§ Exercise:
Copy out each line of the data that holds the word "Bible".

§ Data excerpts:
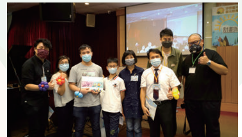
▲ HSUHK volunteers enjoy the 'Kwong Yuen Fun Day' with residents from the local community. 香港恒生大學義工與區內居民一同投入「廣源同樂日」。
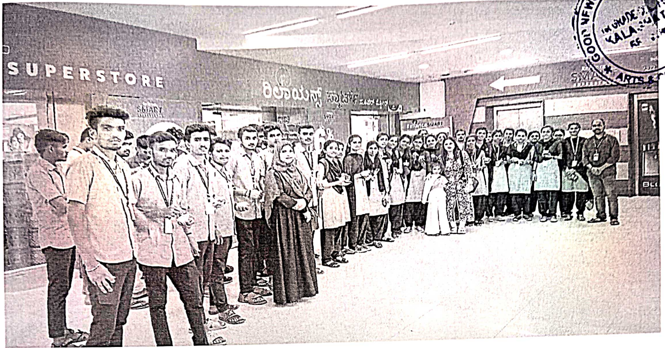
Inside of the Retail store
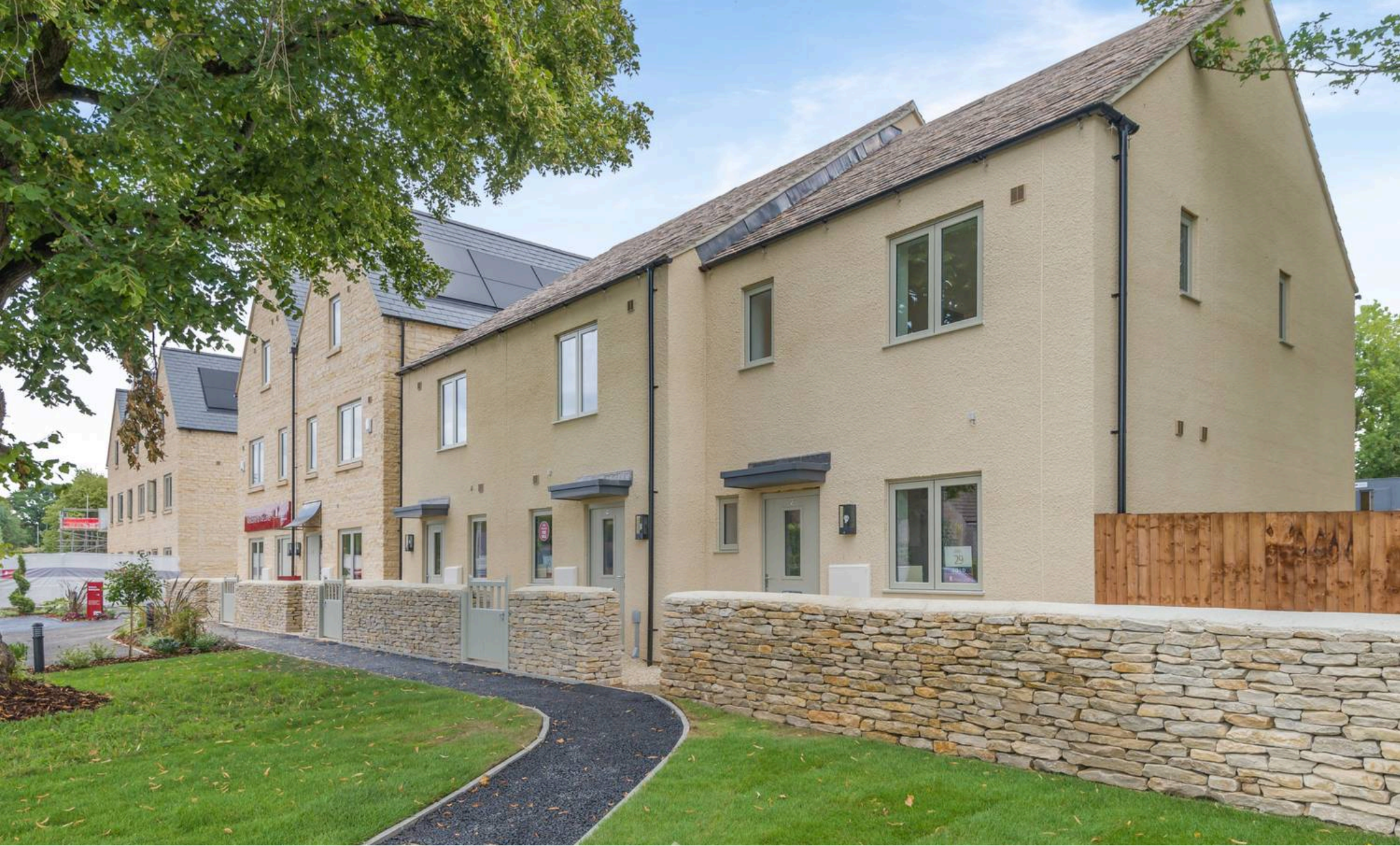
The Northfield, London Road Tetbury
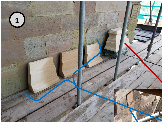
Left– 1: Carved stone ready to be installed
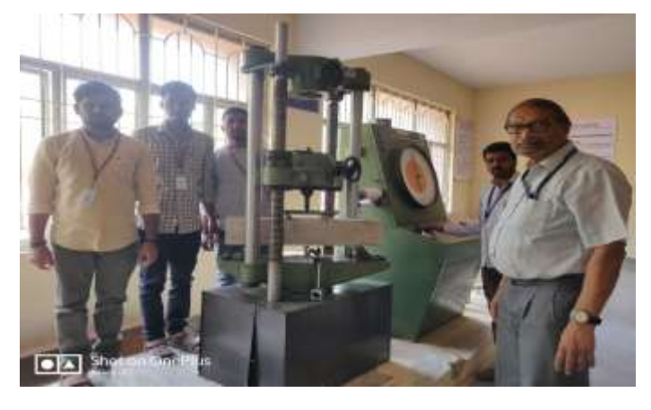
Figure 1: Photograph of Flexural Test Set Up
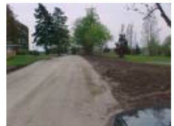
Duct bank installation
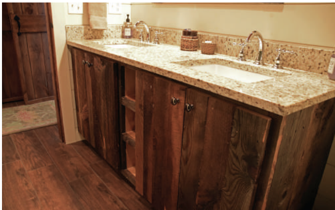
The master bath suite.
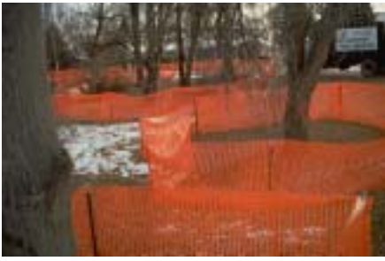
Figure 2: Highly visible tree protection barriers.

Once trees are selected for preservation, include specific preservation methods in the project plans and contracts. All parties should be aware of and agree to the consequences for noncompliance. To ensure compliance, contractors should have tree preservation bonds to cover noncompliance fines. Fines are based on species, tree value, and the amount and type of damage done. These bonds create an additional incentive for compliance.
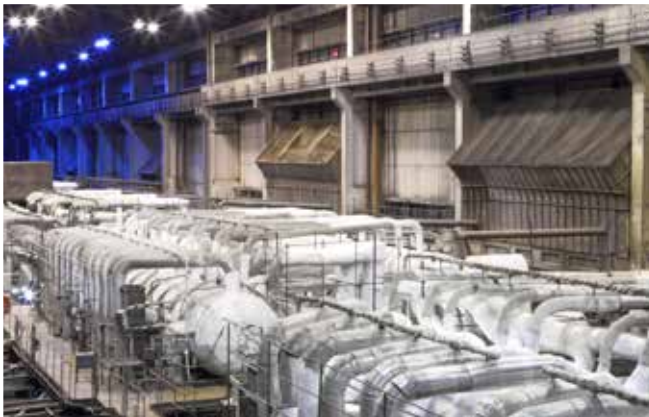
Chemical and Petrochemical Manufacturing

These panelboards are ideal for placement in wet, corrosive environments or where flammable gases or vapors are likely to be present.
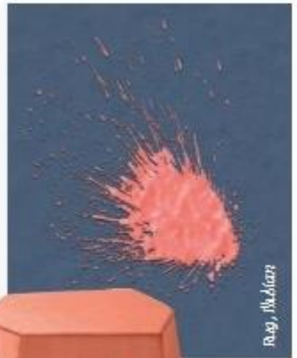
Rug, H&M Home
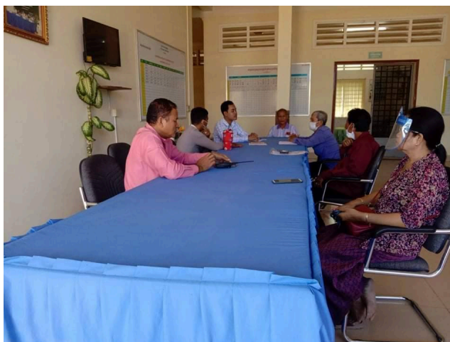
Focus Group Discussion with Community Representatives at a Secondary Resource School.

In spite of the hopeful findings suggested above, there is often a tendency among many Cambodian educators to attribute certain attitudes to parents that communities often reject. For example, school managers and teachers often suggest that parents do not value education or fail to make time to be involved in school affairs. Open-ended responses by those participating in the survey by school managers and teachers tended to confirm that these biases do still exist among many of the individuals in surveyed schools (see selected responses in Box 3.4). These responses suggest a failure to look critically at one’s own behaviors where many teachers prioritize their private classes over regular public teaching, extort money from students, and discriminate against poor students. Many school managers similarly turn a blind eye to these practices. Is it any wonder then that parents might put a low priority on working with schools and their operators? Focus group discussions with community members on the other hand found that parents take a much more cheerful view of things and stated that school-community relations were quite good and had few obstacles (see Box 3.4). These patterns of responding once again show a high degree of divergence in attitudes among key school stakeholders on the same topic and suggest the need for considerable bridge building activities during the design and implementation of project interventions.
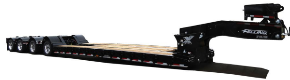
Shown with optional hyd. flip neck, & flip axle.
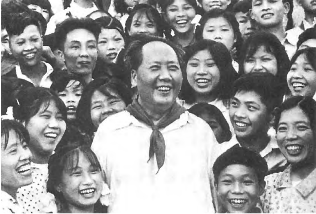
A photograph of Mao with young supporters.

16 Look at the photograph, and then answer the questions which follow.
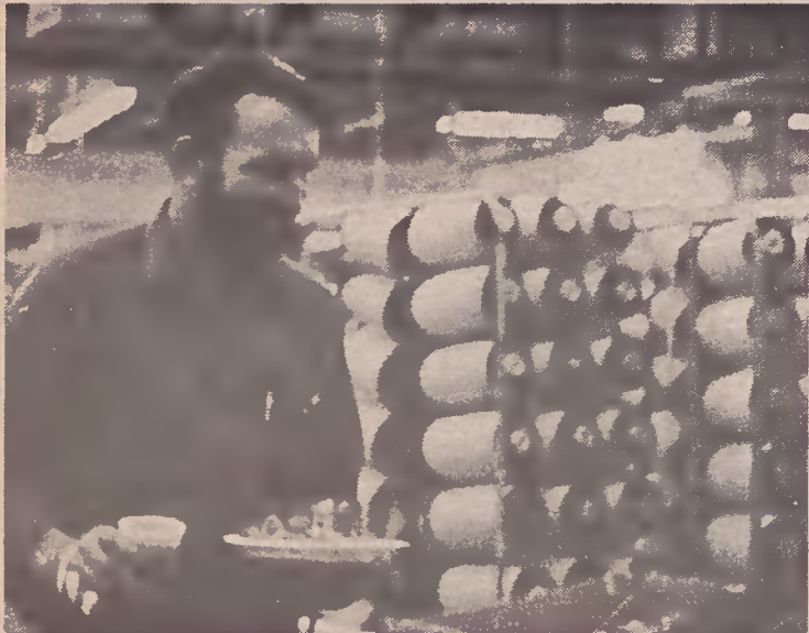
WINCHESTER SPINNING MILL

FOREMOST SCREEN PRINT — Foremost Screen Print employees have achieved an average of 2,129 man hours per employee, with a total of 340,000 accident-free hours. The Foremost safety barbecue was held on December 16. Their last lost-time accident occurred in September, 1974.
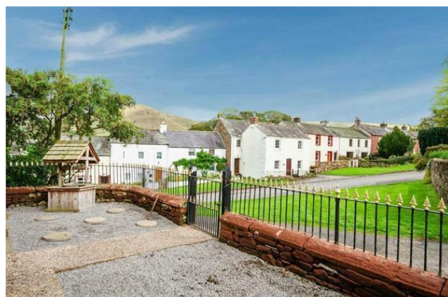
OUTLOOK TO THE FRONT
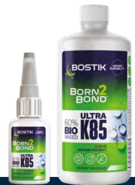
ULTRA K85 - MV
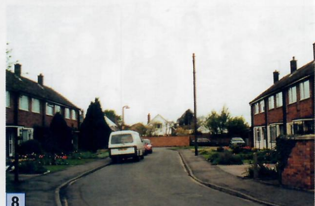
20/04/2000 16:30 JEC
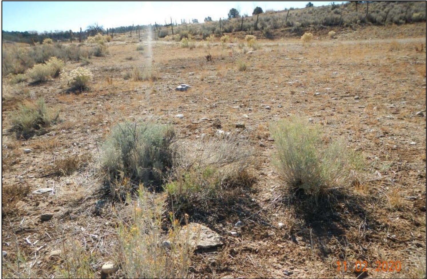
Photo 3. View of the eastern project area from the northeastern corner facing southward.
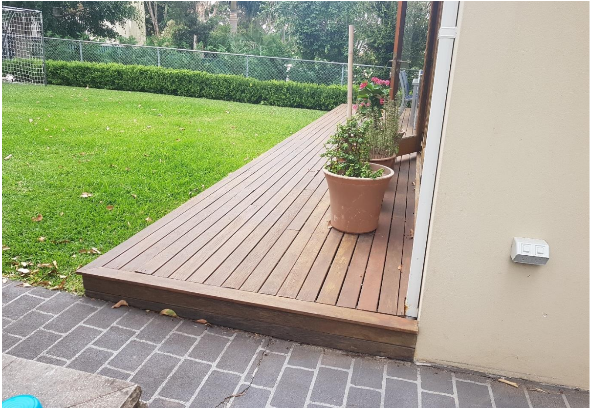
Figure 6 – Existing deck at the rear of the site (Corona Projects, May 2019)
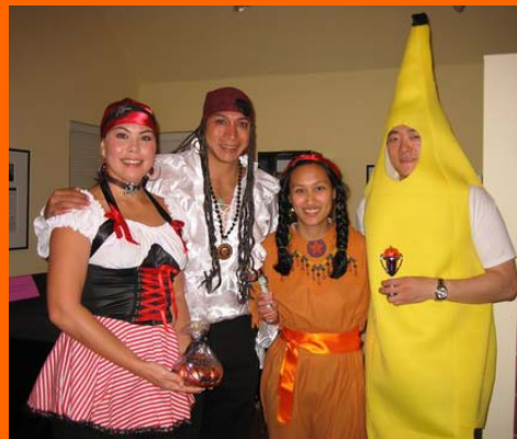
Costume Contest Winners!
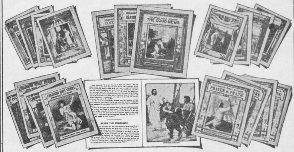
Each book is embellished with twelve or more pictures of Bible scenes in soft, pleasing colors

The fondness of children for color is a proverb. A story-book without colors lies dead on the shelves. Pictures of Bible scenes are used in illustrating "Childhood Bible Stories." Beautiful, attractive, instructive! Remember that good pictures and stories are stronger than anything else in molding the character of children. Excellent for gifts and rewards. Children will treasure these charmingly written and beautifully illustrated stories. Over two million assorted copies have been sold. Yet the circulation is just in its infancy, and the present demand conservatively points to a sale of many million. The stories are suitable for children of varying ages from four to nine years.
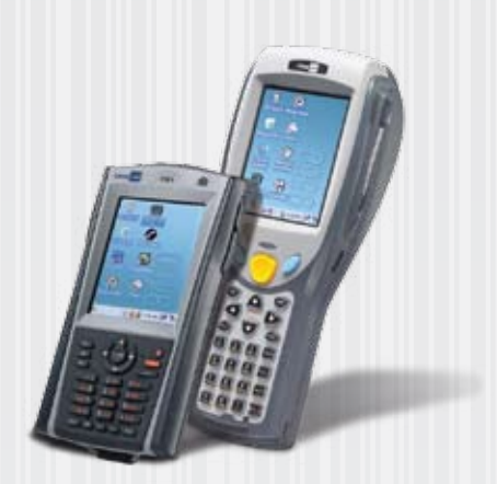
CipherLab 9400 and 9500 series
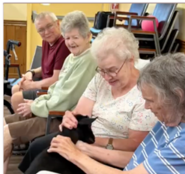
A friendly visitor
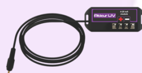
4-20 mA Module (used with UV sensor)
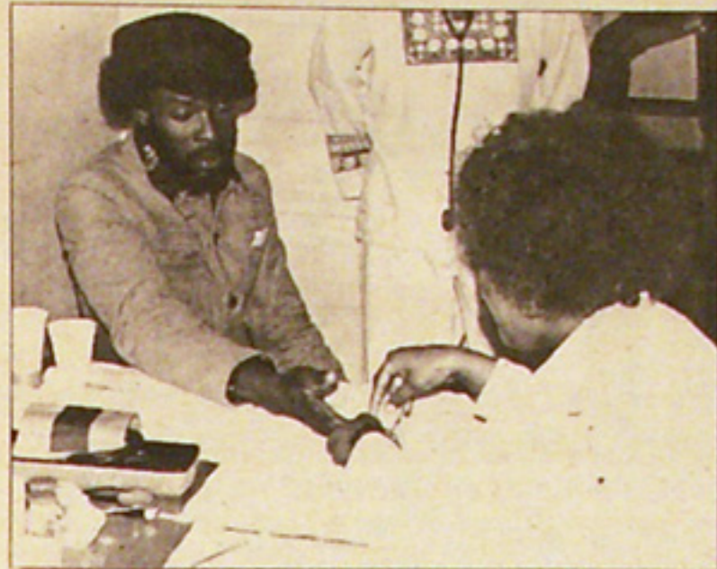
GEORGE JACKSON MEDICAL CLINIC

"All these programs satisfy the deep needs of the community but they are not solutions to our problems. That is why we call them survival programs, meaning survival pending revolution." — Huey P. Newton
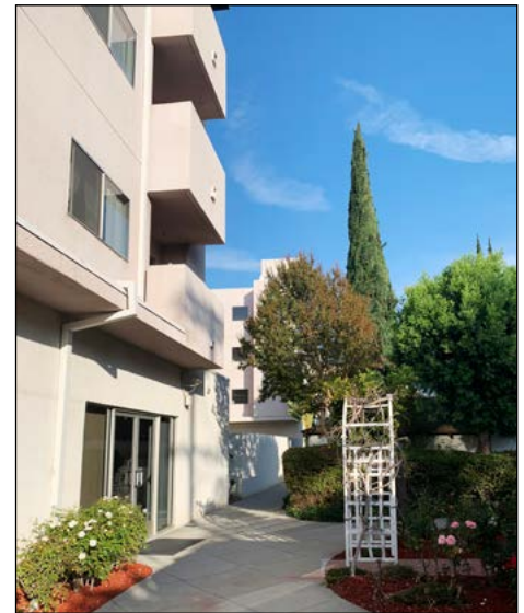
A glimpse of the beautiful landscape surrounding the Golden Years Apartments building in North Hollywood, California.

§ Task answer:
Each book is embellished with twelve or more pictures of Bible scenes in soft, pleasing colors
The fondness of children for color is a proverb. A story-book without colors lies dead on the shelves. Pictures of Bible scenes are used in illustrating "Childhood Bible Stories." Beautiful, attractive, instructive! Remember that good pictures and stories are stronger than anything else in molding the character of children. Excellent for gifts and rewards. Children will treasure these charmingly written and beautifully illustrated stories. Over two million assorted copies have been sold. Yet the circulation is just in its infancy, and the present demand conservatively points to a sale of many million. The stories are suitable for children of varying ages from four to nine years.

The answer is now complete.